* _WHAT YOU NEED TO DO_: In the records that follow, find the line containing "This is Cabinet" and the line containing "StoBag 8/20pcs Happy", then transcribe both and every line between them exactly, omitting pictures.

* _EXERCISE DATA_:
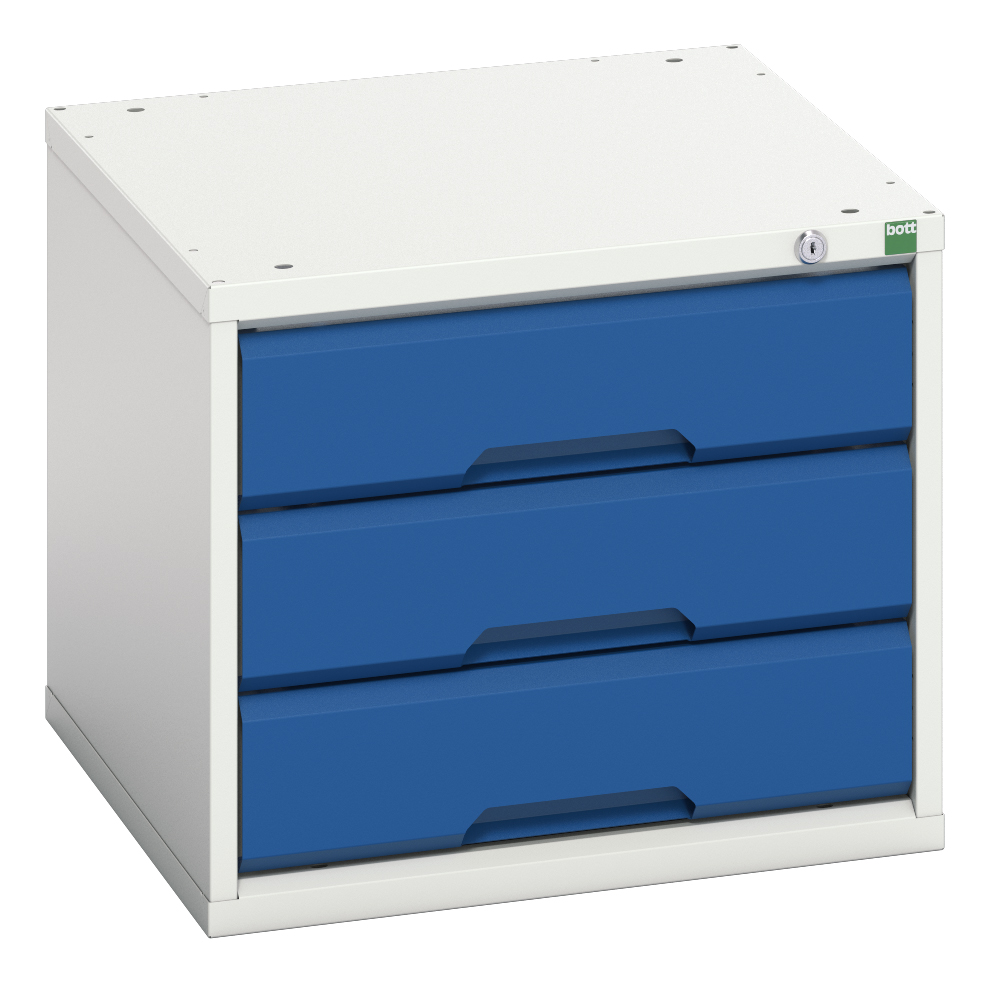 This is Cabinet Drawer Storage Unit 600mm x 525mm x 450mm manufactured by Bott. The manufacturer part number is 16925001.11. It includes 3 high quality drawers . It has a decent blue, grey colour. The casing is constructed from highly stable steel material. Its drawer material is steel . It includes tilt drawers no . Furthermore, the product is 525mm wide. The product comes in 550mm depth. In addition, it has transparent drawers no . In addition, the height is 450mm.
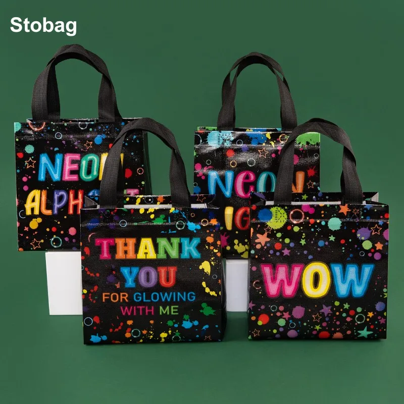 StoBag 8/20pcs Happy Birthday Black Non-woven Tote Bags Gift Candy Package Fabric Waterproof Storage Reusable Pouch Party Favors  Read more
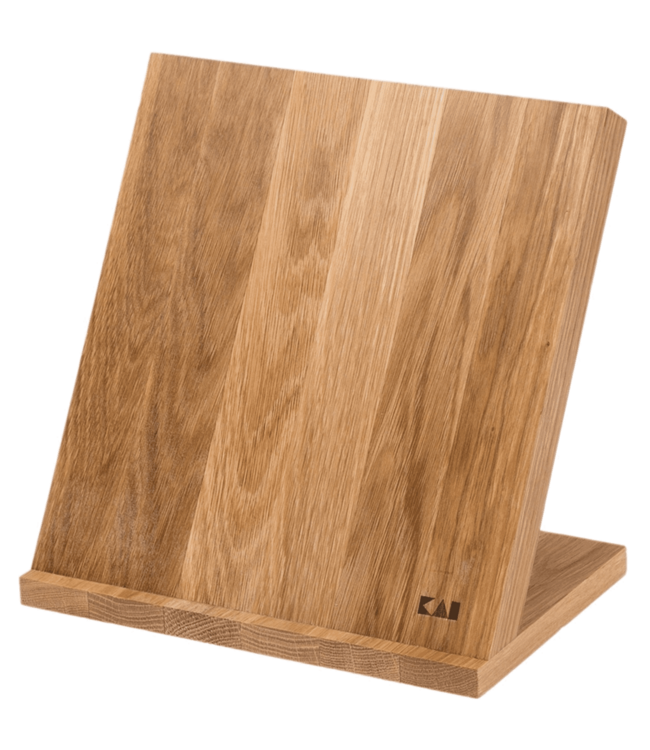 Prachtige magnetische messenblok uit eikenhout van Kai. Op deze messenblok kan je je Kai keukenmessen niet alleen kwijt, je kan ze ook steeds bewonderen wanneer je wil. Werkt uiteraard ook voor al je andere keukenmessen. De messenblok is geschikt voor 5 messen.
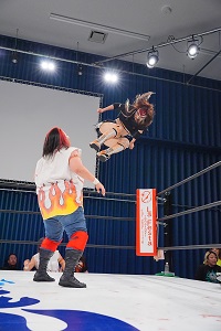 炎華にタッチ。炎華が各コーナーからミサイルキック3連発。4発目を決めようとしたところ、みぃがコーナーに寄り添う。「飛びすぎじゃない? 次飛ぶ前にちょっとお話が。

==

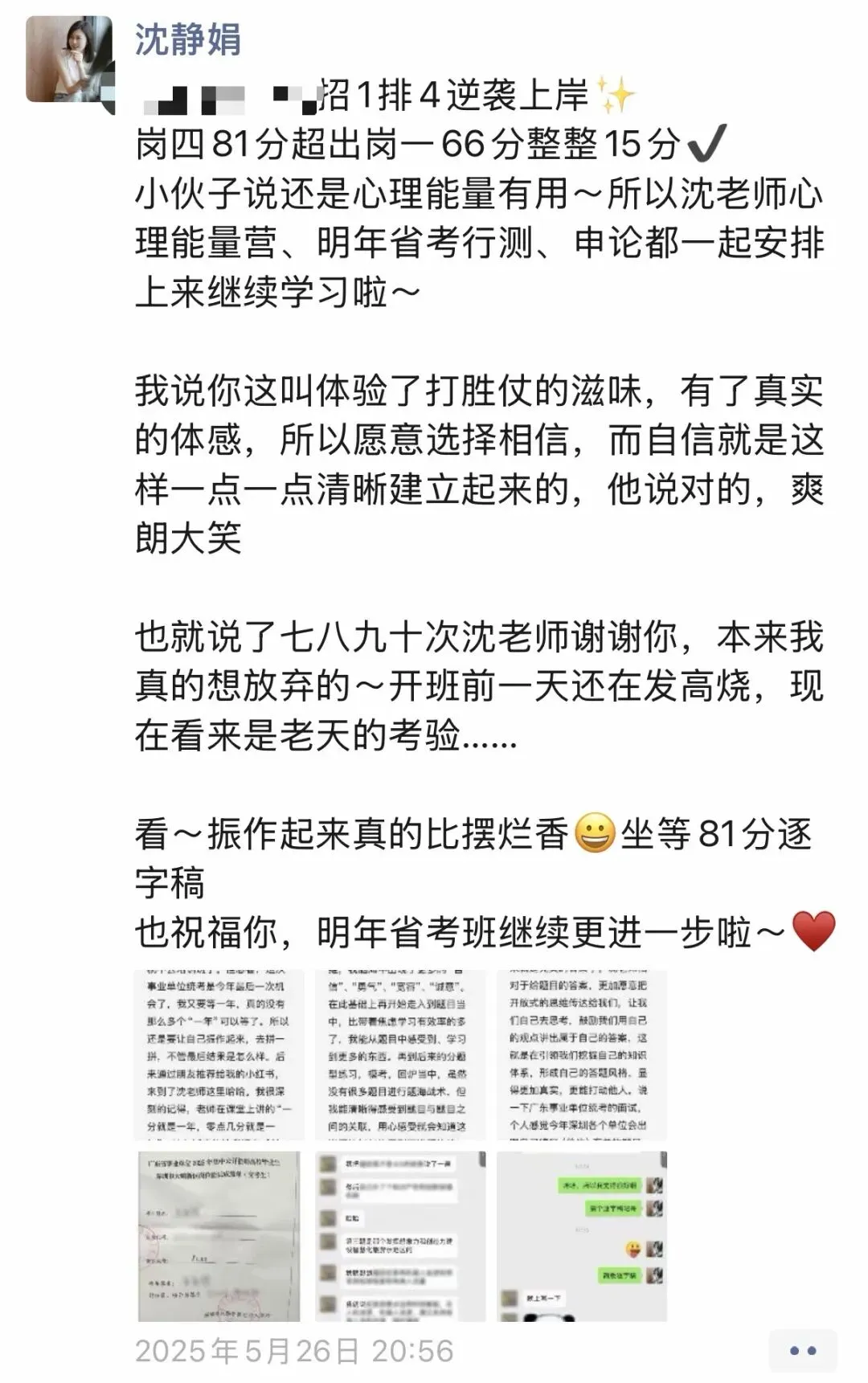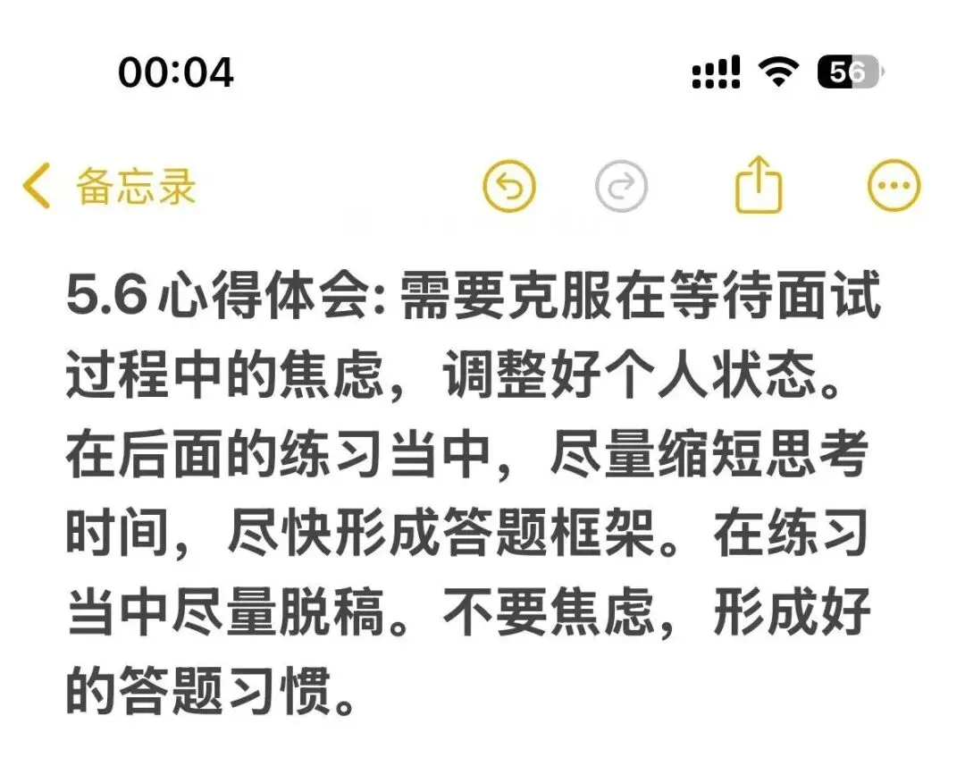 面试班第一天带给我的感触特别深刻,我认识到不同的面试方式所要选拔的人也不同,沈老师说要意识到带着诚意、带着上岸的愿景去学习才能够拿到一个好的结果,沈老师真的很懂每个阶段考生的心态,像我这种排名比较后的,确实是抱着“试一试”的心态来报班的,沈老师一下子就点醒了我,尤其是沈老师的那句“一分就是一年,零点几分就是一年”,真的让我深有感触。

--

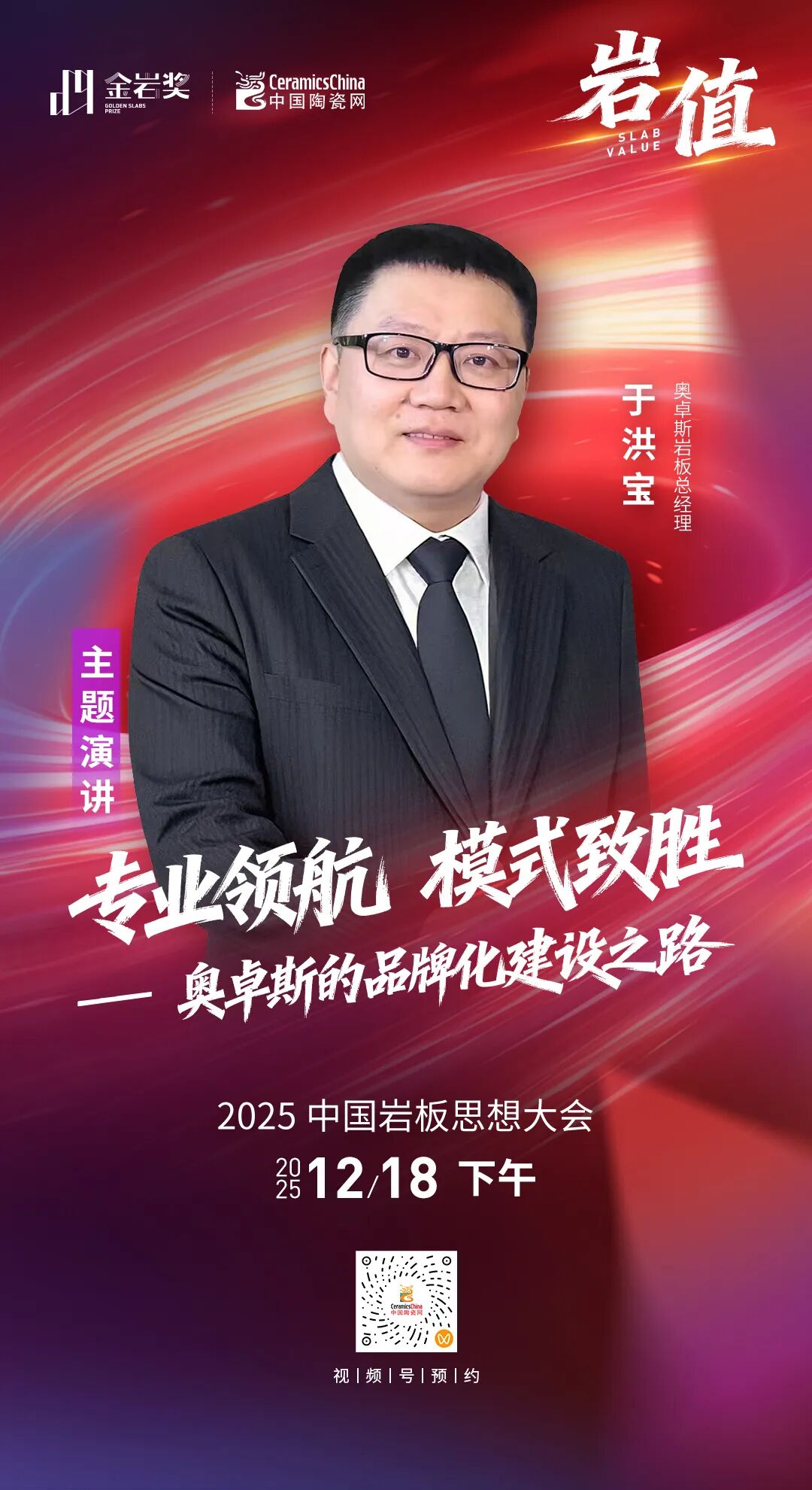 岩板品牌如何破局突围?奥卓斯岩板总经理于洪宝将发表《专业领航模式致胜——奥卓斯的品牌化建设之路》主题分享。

* _RESULT OF THIS TASK_:
 This is Cabinet Drawer Storage Unit 600mm x 525mm x 450mm manufactured by Bott. The manufacturer part number is 16925001.11. It includes 3 high quality drawers . It has a decent blue, grey colour. The casing is constructed from highly stable steel material. Its drawer material is steel . It includes tilt drawers no . Furthermore, the product is 525mm wide. The product comes in 550mm depth. In addition, it has transparent drawers no . In addition, the height is 450mm.
 StoBag 8/20pcs Happy Birthday Black Non-woven Tote Bags Gift Candy Package Fabric Waterproof Storage Reusable Pouch Party Favors  Read more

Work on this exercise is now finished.